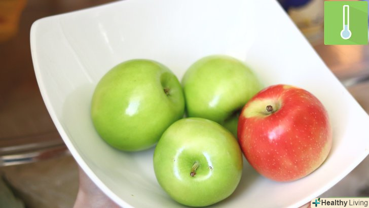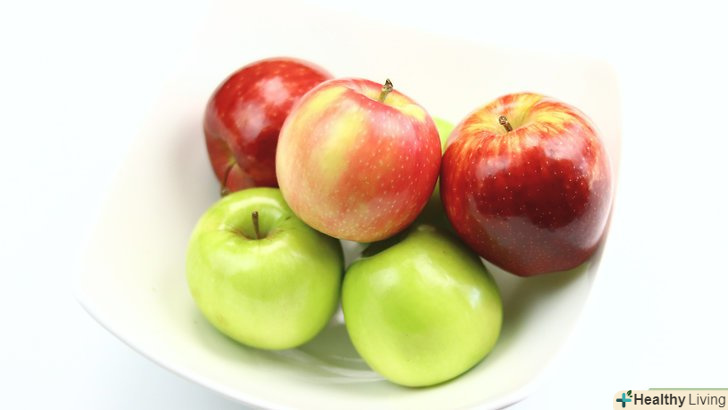 Вибирайте стиглі яблука.при покупці перевіряйте, щоб яблука були твердими на дотик і ароматними. Стиглий плід повинен бути твердим і пахнути яблуком у стебла і на протилежному кінці. Яблука деяких сортів, наприклад "Макінтош» і "джонатан", можуть бути трохи м'якими на дотик, так як мають податливу м'якоть. Це цілком нормально. Якщо плід пахне стиглим яблуком, він годиться в їжу.[3]- Зверніть увагу на ознаки ударів, зміни кольору і присутності черв'яків. Уникайте яблук з коричневими м'якими плямами або темними отворами в шкірці і м'якоті. Проте яблука з невеликими темними плямами на поверхні шкірки цілком годяться в їжу.
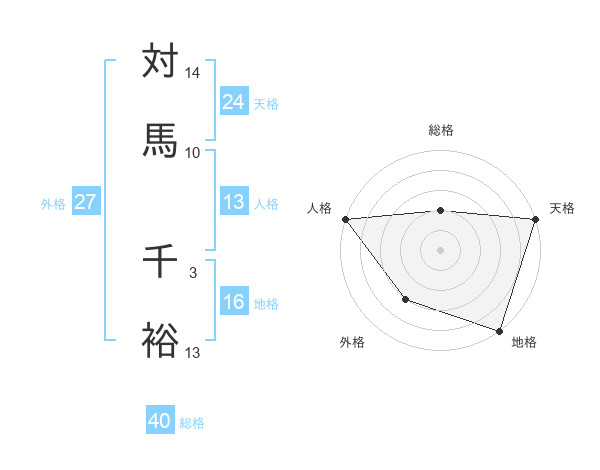 対馬 千裕さんを姓名の画数から五運を鑑定
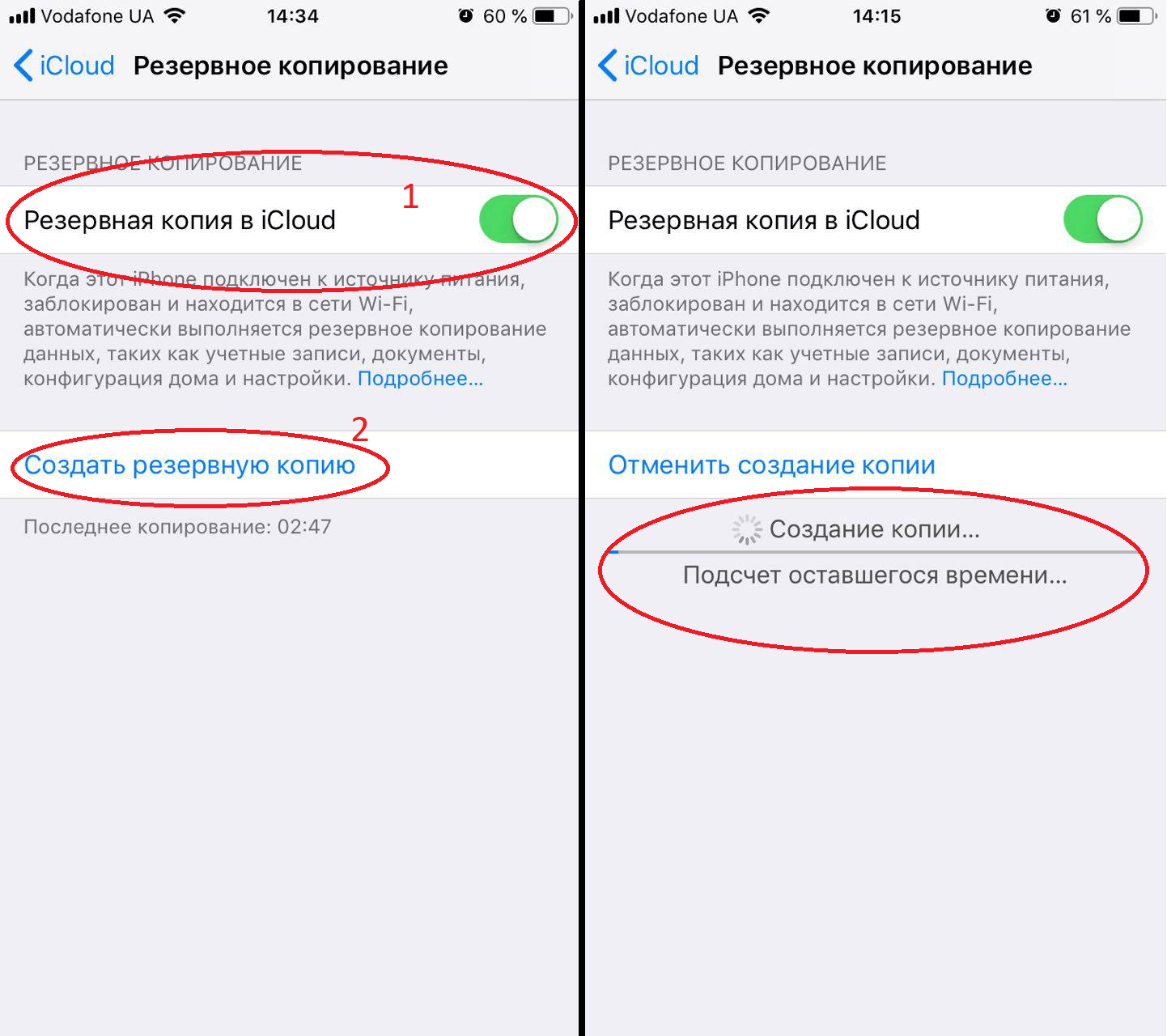 Вы можете выполнить резервное копирование в iCloud или iTunes или и то, и другое.
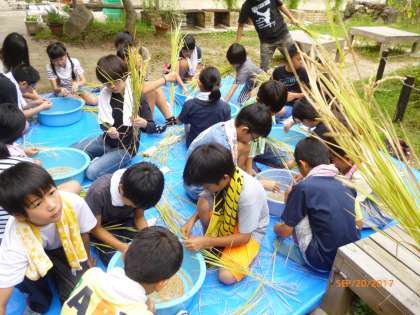 みんなシートの上でせっせと穂からモミをとる作業に熱中していました。おいしいご飯になるといいね。

[WORK ITEM]: With the pictures removed, repeat the listing above exactly as it stands.

[THE COMPLETED TASK]:
 Вибирайте стиглі яблука.при покупці перевіряйте, щоб яблука були твердими на дотик і ароматними. Стиглий плід повинен бути твердим і пахнути яблуком у стебла і на протилежному кінці. Яблука деяких сортів, наприклад "Макінтош» і "джонатан", можуть бути трохи м'якими на дотик, так як мають податливу м'якоть. Це цілком нормально. Якщо плід пахне стиглим яблуком, він годиться в їжу.[3]- Зверніть увагу на ознаки ударів, зміни кольору і присутності черв'яків. Уникайте яблук з коричневими м'якими плямами або темними отворами в шкірці і м'якоті. Проте яблука з невеликими темними плямами на поверхні шкірки цілком годяться в їжу.
 対馬 千裕さんを姓名の画数から五運を鑑定
 Вы можете выполнить резервное копирование в iCloud или iTunes или и то, и другое.
 みんなシートの上でせっせと穂からモミをとる作業に熱中していました。おいしいご飯になるといいね。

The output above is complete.